Design of the Week | Richard Price and The Night Of
We've been watching HBO's new series, The Night Of, which began as a slow-drip police procedural and evolved into a provocative noir mystery. The show was spearheaded by Richard Price, who wrote for The Wire, but is best known as a novelist, being the author of Clockers (which became a Spike Lee joint), Lush Life, and most recently The Whites ("Price writing as Harry Brandt"). I'm not going to extrapolate about how silly it is to write something under a pen name and then have both that pen name and real name on the cover (though the pen name much smaller). I think we can all agree that it's pointless and wasteful of a perfectly good pen name.
Lush Life was one of the biggest books of 2008, coming out in the spring around the time that we released The Drop Edge of Yonder, Rudy Wurlitzer's first novel in a quarter-century. A lot of folks (Michiko Kakutani) were buzzing about Price's skill at writing dialogue, and the realistic plight of characters in the book, perhaps since it was inspired by the real-life mugging and murder of Nicole duFresne in New York City.

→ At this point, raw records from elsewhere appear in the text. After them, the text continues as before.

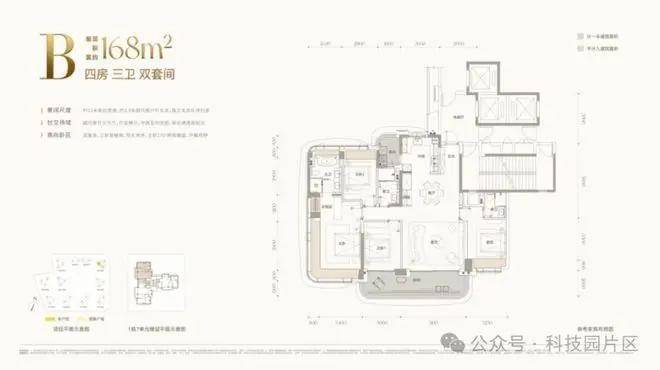 主阳台开间约8.2米,客餐厅开间约5.2米。专梯入户,三梯三户。南北通透,双套间设计,动静分区清晰。西南朝向看小区园林,更安静私密。
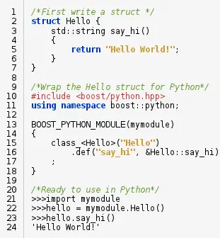 然而, 绑定ctypes的开销是非轻量级的. 你可以认为ctypes是一个粘合操作系库函数或者硬件设备驱动的胶水. 有几个如 SWIG, Cython和Boost 此类Python直接植入的库的调用比ctypes开销要低. Python支持面向对象特性, 如类和继承. 正如我们看到的例子, 我们可以保留常规的C++代码, 稍后导入. 这里的主要工作是编写一个包装器 (行 10~18).
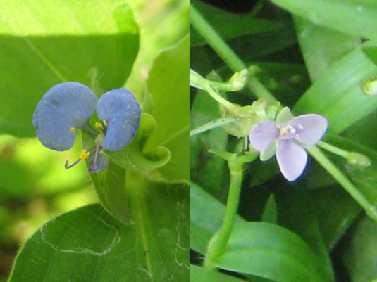 薄青紫色ではなく薄赤紫色?ツユクサの仲間?
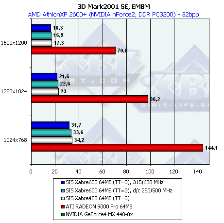 EMBM есть, но падение просто ужасающее. Можно сказать, что EMBM просто нет. В области обычного текстурирования и обычных карт среды все более-менее нормально. Чуть медленее Radeon, но быстрее предыдущего Xabre 400.
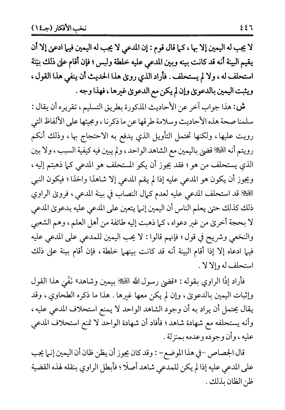 ش: هذا جواب آخر عن الأحاديث المذكورة بطريق التسليم، تقريره أن يقال: سلمنا صحة هذه الأحاديث وسلامة طرقها عن ما ذكرنا، ومجيئها على الألفاظ التي رويت عليها، ولكنها تحتمل التأويل الذي يدفع به الاحتجاج بها، وذلك أنكم رويتم أنه -عليه السلام- قضى باليمين مع الشاهد الواحد، ولم يبين فيه كيفية السبب، ولا بين الذي يستحلف من هو؛ فقد يجوز أن يكون المستحلف هو المدعي كما ذهبتم إليه، ويجوز أن يكون هو المدعي عليه إذا لم يقم المدعي إلا شاهدًا واحدًا؛ فيكون النبي -عليه السلام- قد استحلف المدعي عليه لعدم كمال النصاب في بينة المدعي، فروى الراوي ذلك كذلك حتى يعلم الناس أن اليمين إنما يتعين على المدعي عليه بدعوى المدعي لا بحجة أخرى من غير دعواه، كما ذهبت إليه طائفة من أهل العلم، وهم الشعبي والنخعي وشريح في قول؛ فإنهم قالوا: لا يحب اليمين للمدعي على المدعي عليه فيما ادعاه إلا إذا أقام البينة أنه قد كانت بينهما خلطة، فإن أقام بينة على ذلك استحلف له وإلا لا.
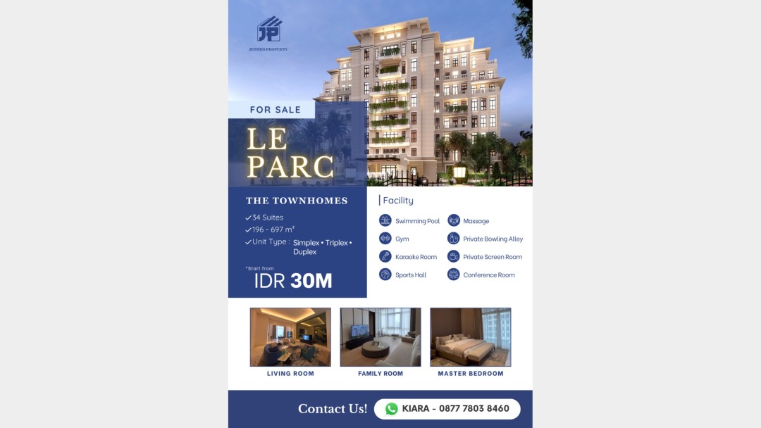 Dijual Brand New Apartement Le Parc 4 BR Semi Furnished Baru

On the book's Wikipedia page, the book is presented as "a contemporary social novel," which is appropriate. It strives for big things, but without any actual impact.
Like The Night Of, Lush Life is a slow-drip police procedural, and while the first couple episodes suggested that HBO's series might follow suit—progressing without substantial delivery or impact—the subsequent episodes have been well-plotted, charged with mystery and possibility. Also, the cast is phenomenal. You should check it out.